Effect of dichloroacetate on the exercise performance of patients with heart failure

The reduced maximal exercise capacity of patients with heart failure has been attributed to skeletal muscle underperfusion with resultant intramuscular lactic acidosis and muscular fatigue. To investigate this hypothesis, the effect of dichloroacetate, a drug that decreases lactate formation by increasing pyruvate oxidation, on the maximal exercise performance of 18 patients with heart failure and reduced ejection fraction (25 ± 9%) was examined. Exercise tests after parenteral dextrose (control) and dichloroacetate were performed 1 week apart. The sequence of interventions was randomized in a double-blind manner.
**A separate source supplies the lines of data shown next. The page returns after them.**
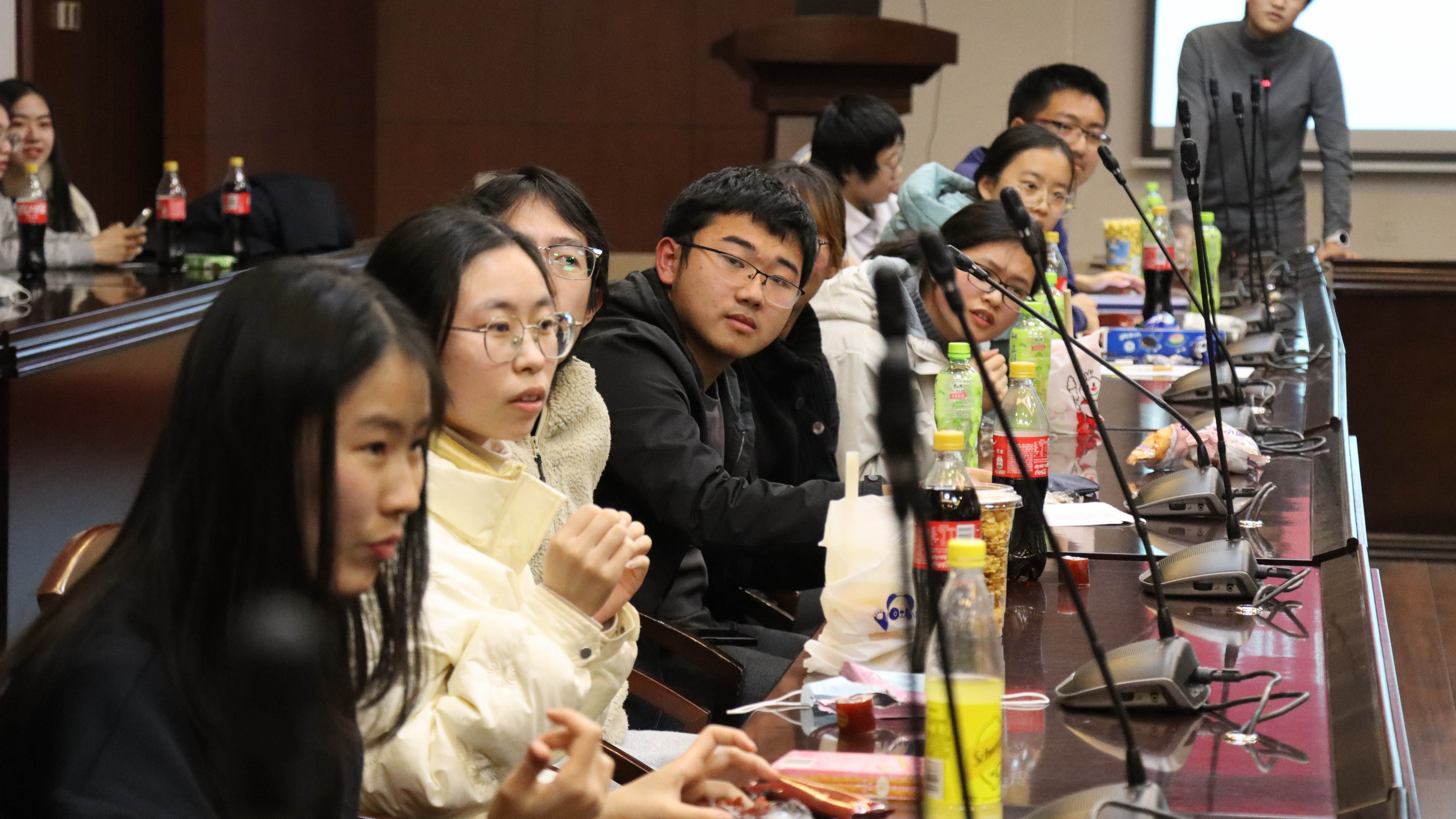 随后便是破冰游戏环节,共分为两项进行。第一项进行的是益智反应游戏,同学们依次进行报数,需要避开含“7”和“7”倍数的数字。这一环节调动了同学们参与破冰活动的专注力与积极性,几度将气氛推向了高潮。第二项为猜词游戏,由唐诗雨同学出题,同学们以自愿参加的方式,仅通过提问的方式与“是否”的反馈完成猜词任务,在25次提问内猜出正确答案的同学可获得奖励。猜词游戏过程充满趣味且不乏专业性,增强了同学们之间的默契与配合。
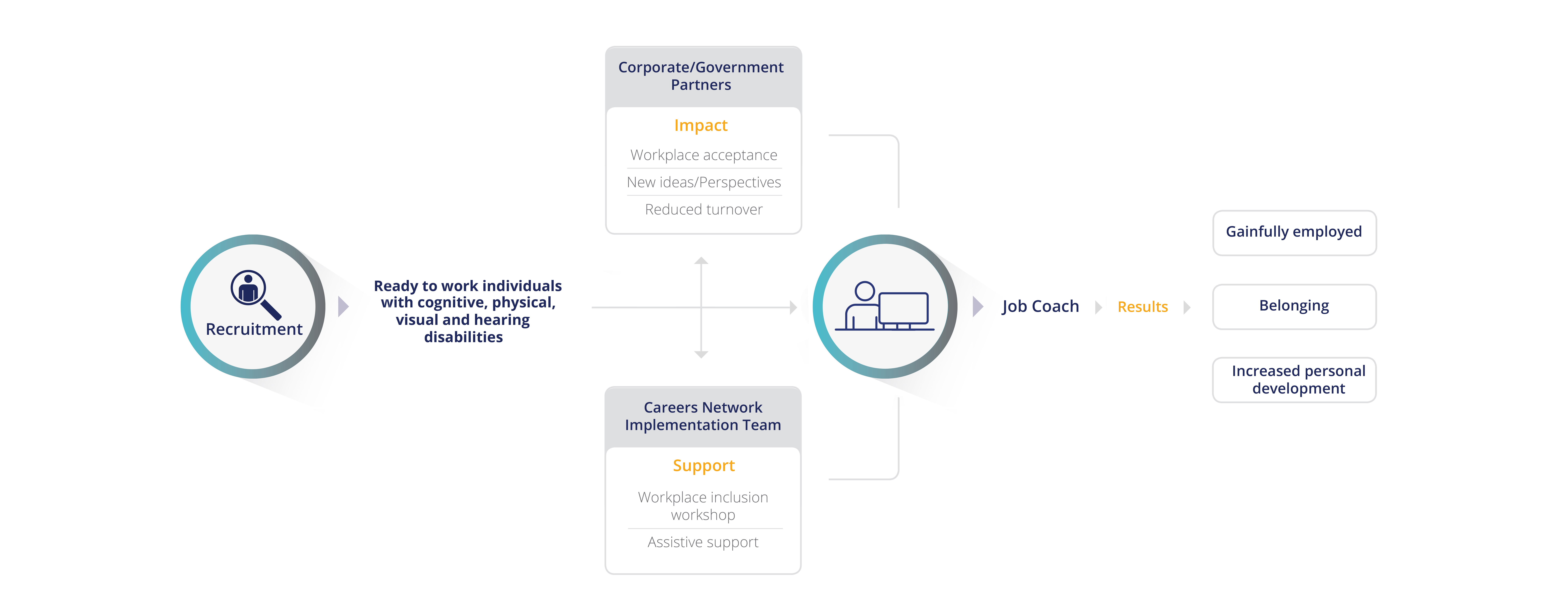 Our process is designed following extensive research. We collaborate with strategic partners and educators to create meaningful and long-lasting solutions. Learnings from our own experiences of creating success for people with disabilities have helped us chart a clear vision with purpose.
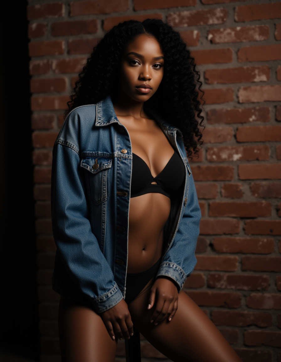 model posing against a brick wall, wearing an oversized denim jacket that slips off one shoulder revealing black lingerie underneath. her hand rests on her thigh, and the moody lighting creates dramatic contrast across her curves.
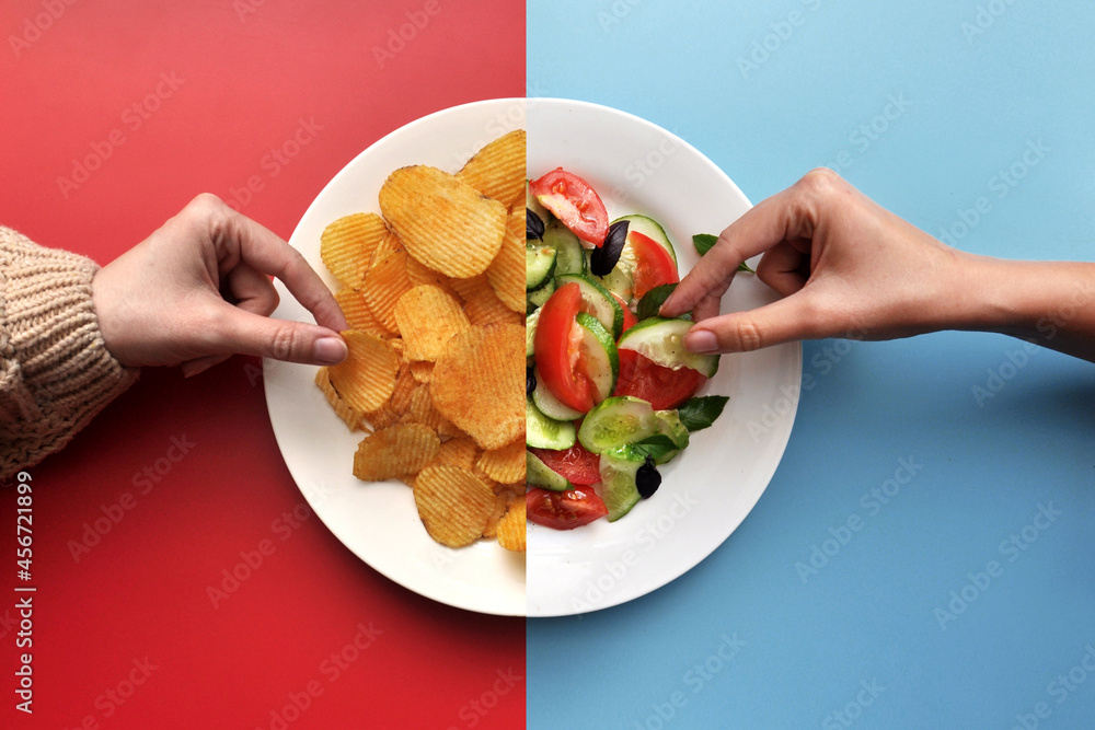 a plate of chips and a fresh salad. A person chooses between healthy and unhealthy food
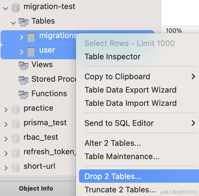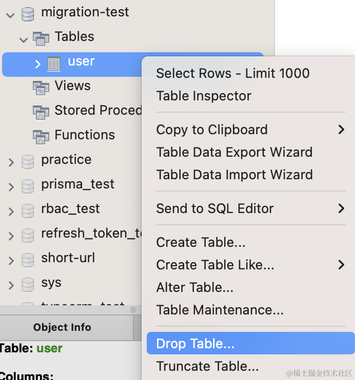 })先在 mysql workbench 里把之前的表删掉:

Dichloroacetate decreased blood lactate at rest (control 8.0 ± 2.5 versus dichloroacetate 5.6 ± 2.9 mg/dl), throughout exercise and at peak exercise (control 26.0 ± 14.3 versus dichloroacetate 19.4 ± 10.8) (all p < 0.05). In contrast, dichloroacetate had no effect on exercise time (control 15.2 ± 6.0 versus dichloroacetate 15.9 ± 6.2 min) or peak exercise oxygen consumption (control 1,280 ± 498 ml/min versus dichloroacetate 1,312 ± 530 ml/min) (both p = NS). In six subjects, dichloroacetate also had no effect at peak exercise on leg blood flow (control 2.8 ± 1.1 versus dichloroacetate 3.0 ± 0.6 liters/min) or femoral oxygen vein saturation (control 12.7 ± 4.1% versus dichloroacetate 12.5 ± 5.7%). These data suggest that intramuscular lactate accumulation is not responsible for muscular fatigue during exercise in patients with heart failure.